Farmers and lawmakers are always looking for a more sustainable future and one idea is creating a carbon market, which is a complicated process.
The Bipartisan Policy Center’s Farm and Forest Carbon Solutions Initiative is looking for ways to help farmers reduce emissions while maintaining productivity.
According to the director of the initiative Robert Bonnie, agriculture contributes about 10 percent of greenhouse gas emissions in the U.S., but there is an enormous opportunity to reduce those emissions even while we improve productivity of agriculture, and, importantly, we can sequester carbon through improved soil management, grassland conservation, a variety of practices.

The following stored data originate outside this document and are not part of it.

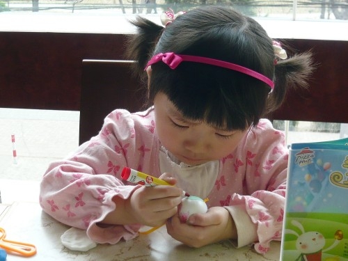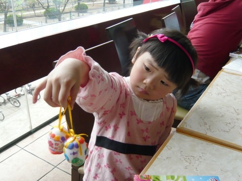 找了位置坐下来,桌上有准备好的水彩笔、橡皮泥和要制做的彩蛋,于是我们便先动手做了起来。接着又来两个小男孩了,一个五岁,一个六七岁的样子。
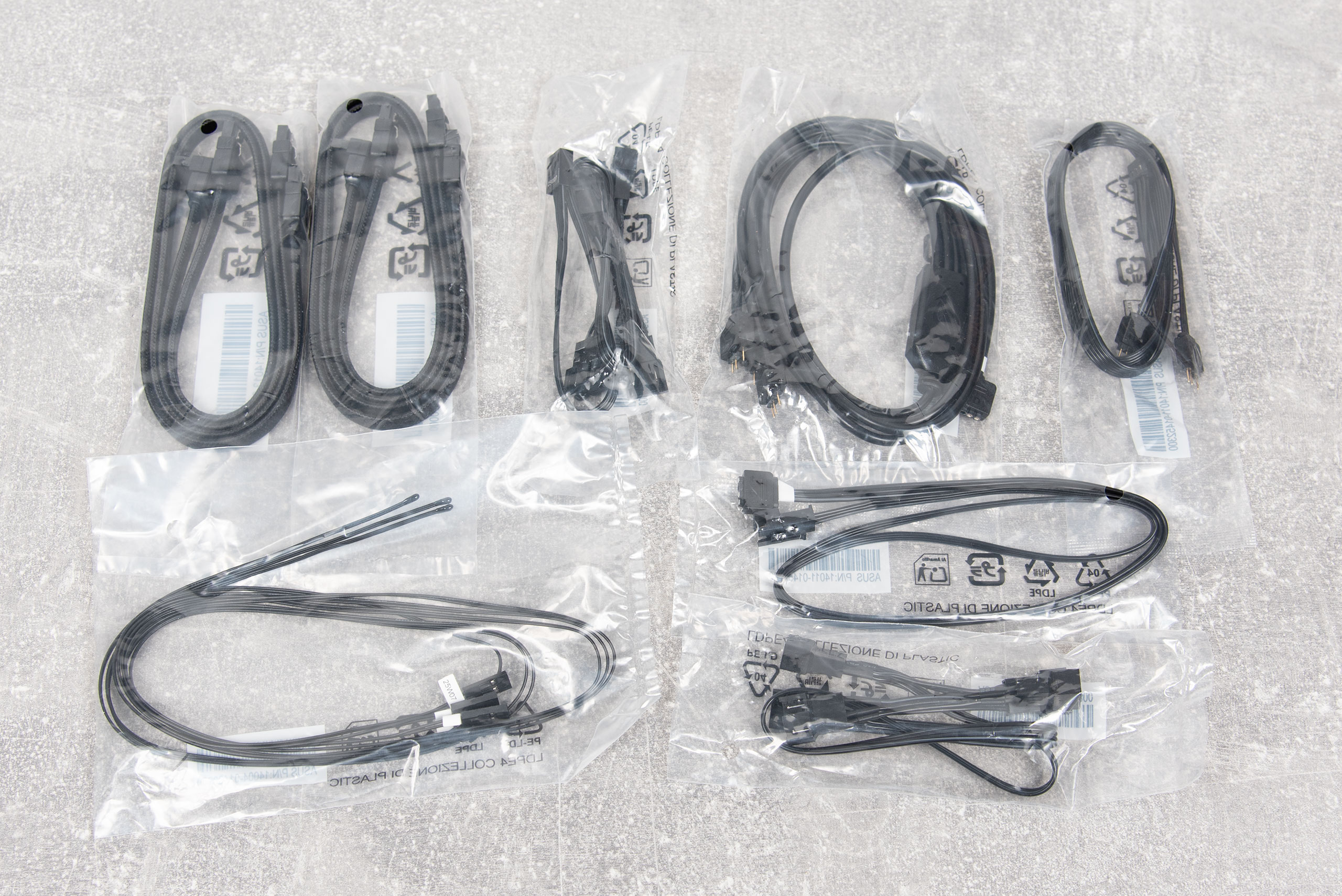 - четыре SATA-кабеля в тканевой оплетке с металлическими защелками (два из них угловые);
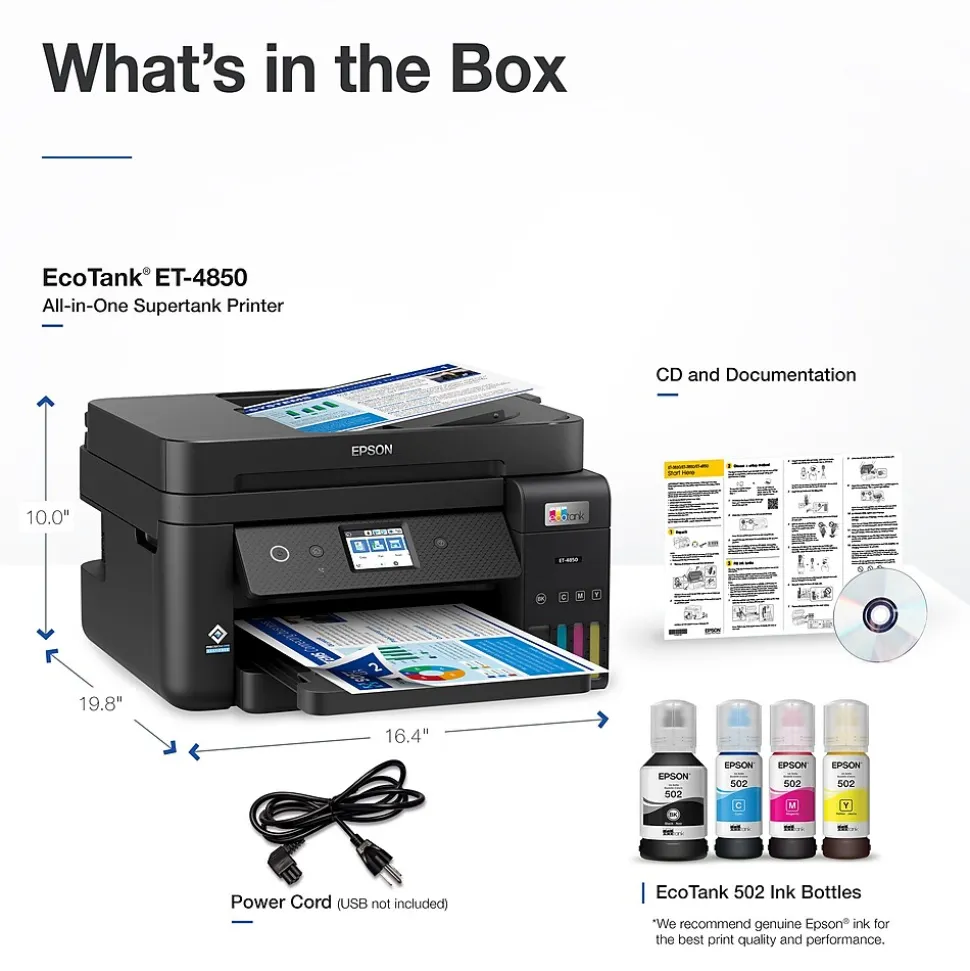 | Series or Collection | EcoTank ET-4850 all-in-one, manual, power cord, 1 bottle of 502® Black (127 mL) and 1 bottle each of 502 Cyan, Magenta, Yellow (70 mL) |
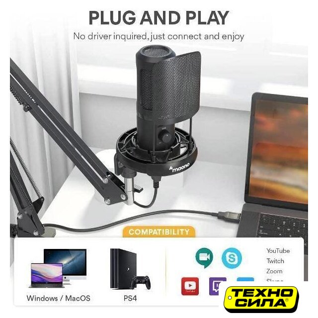 электретный (малый конденсатор), настольный, для стриминга и подкастов, кардиоидная/круговая/двойная ("восьмерка")/стерео направленность, 40-20000 Гц, разъем подключения USB Type-A, длина кабеля 1.5 м
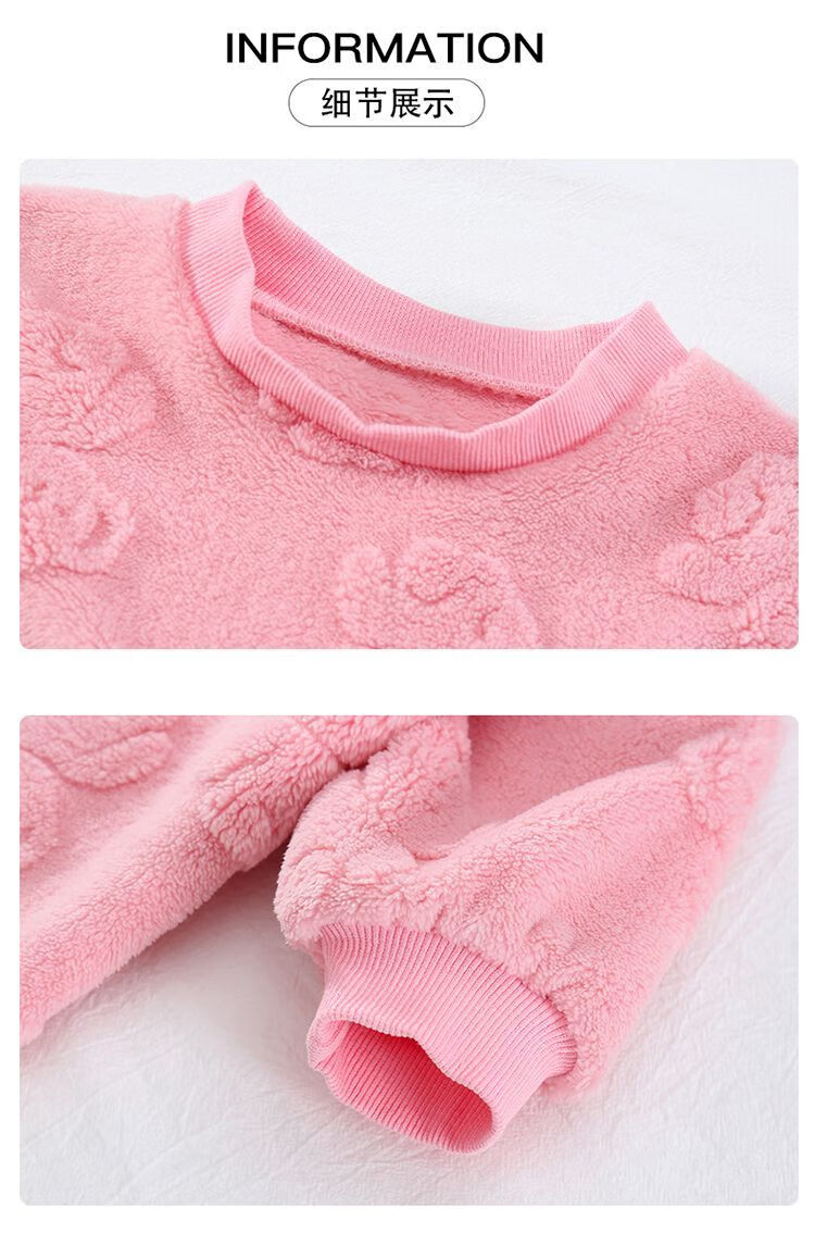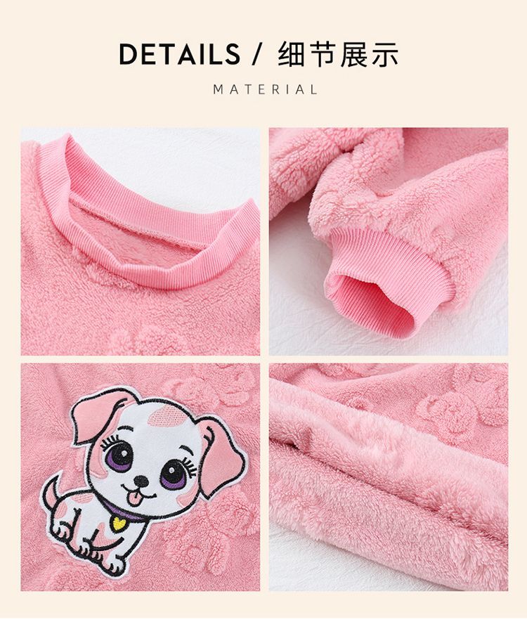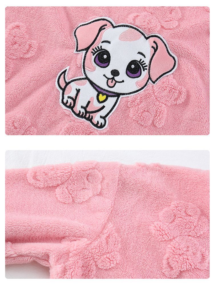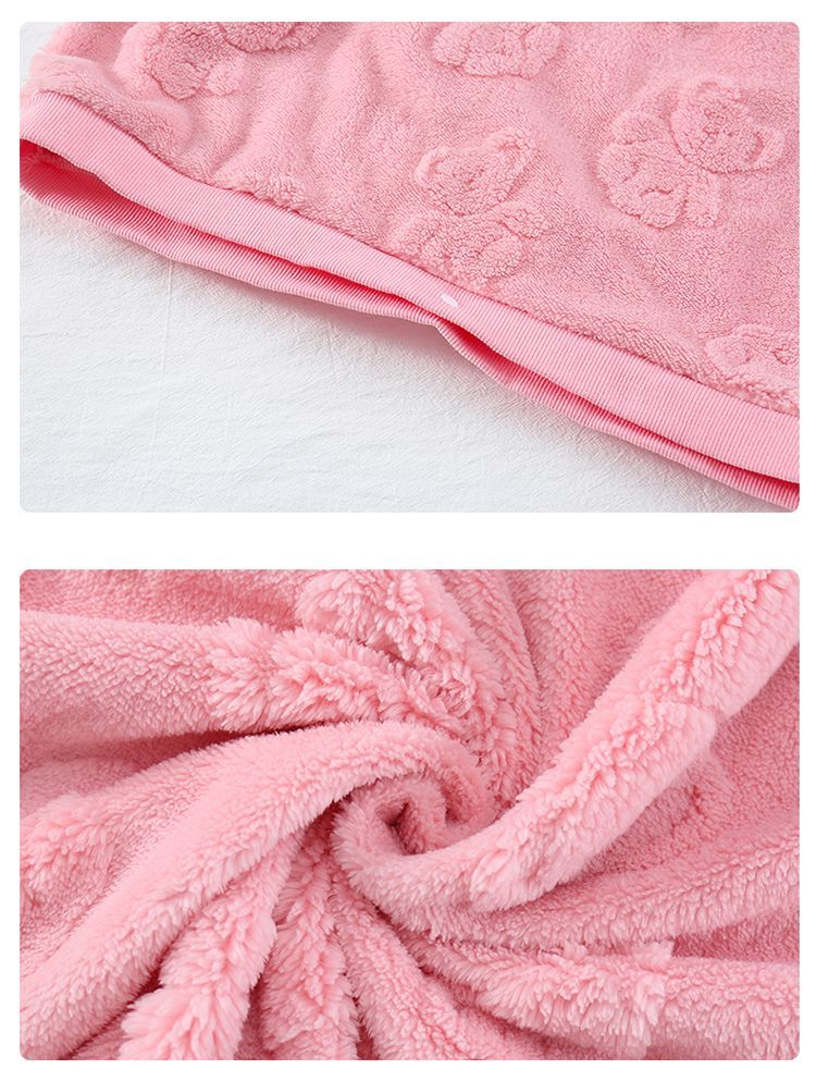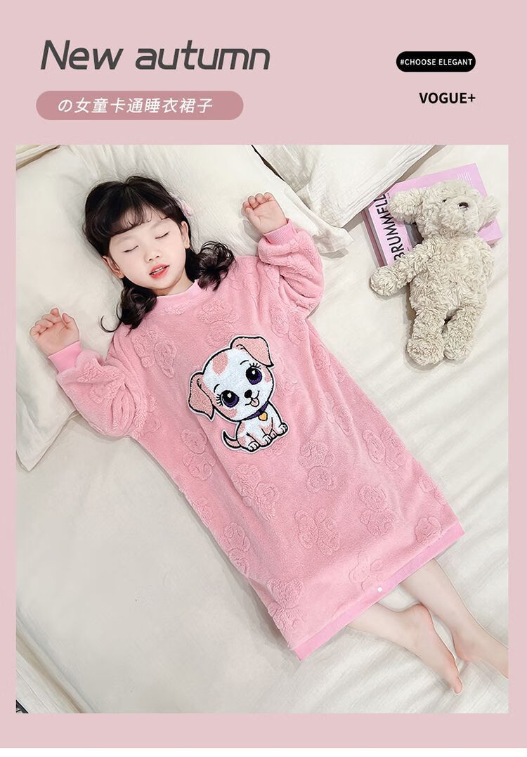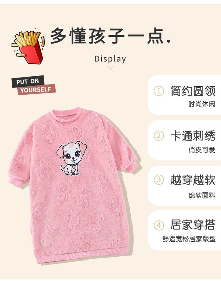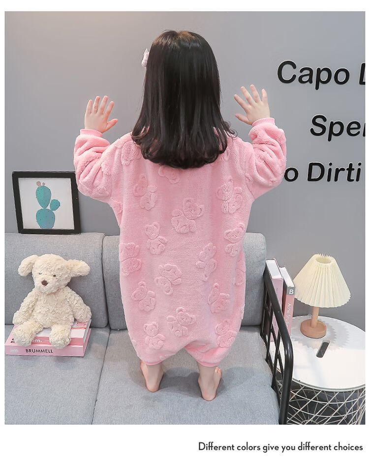 Girls autumn and winter flannel nightgown baby girl home clothes cute children girls coral velvet pajamas thickened sleeping bag off-white high density jacquard bear nightgown 90

This group says that changing production methods can yield long-term benefits for the soil.
Wayne Honeycutt, the president and CEO of the Soil Health Institute, notes you when you increase carbon you are essentially “fluffing up” the soil to make it less dense and that allows its roots to penetrate the soil better.
One Ohio farmers sees conservation as a crop input.
“I did it for economic reasons. I was thinking if there’s not much money in farming, then it’s just as important to take a dollar off of input costs as it is for putting a dollar on,” Fred Yoder said.
The Commodity Futures Trading Commission recommends setting a carbon price. Yoder agrees.
“We would have carbon sequestered like you’ve never seen before, especially if you decouple it from the price of the commodity,” he said. “In other worlds, make carbon another commodity, I think you will see a lot of farmers switch instead of the tillage system they are on now.”
The bipartisan Growing Climate Solutions Act would establish the framework for a new carbon market.
Indigo Agriculture’s Laura Wood Peterson says the bill establishes a third part certifier program, in addition to other things, that might feel like small steps.
“But they are clearly very big steps because of the bipartisan nature of the work these senators are leading,” she said.
She also notes that a federal tax credit already exists for carbon sequestration, but it is limited to manufacturing and energy producers.
“We think one idea is to advance a nature based climate solution through a transferable federal tax incentive modeled on Section 45Q of the tax code,” she said. “This is a policy tool, we think, whose time has come because of the technological advances we’ve talked about today, made actionable by the Growing Climate Solutions Act.”
Indigo Agriculture already has 7 million acres of farmland enrolled in its carbon program, but is hoping to see more farmers get involved in the carbon conversation.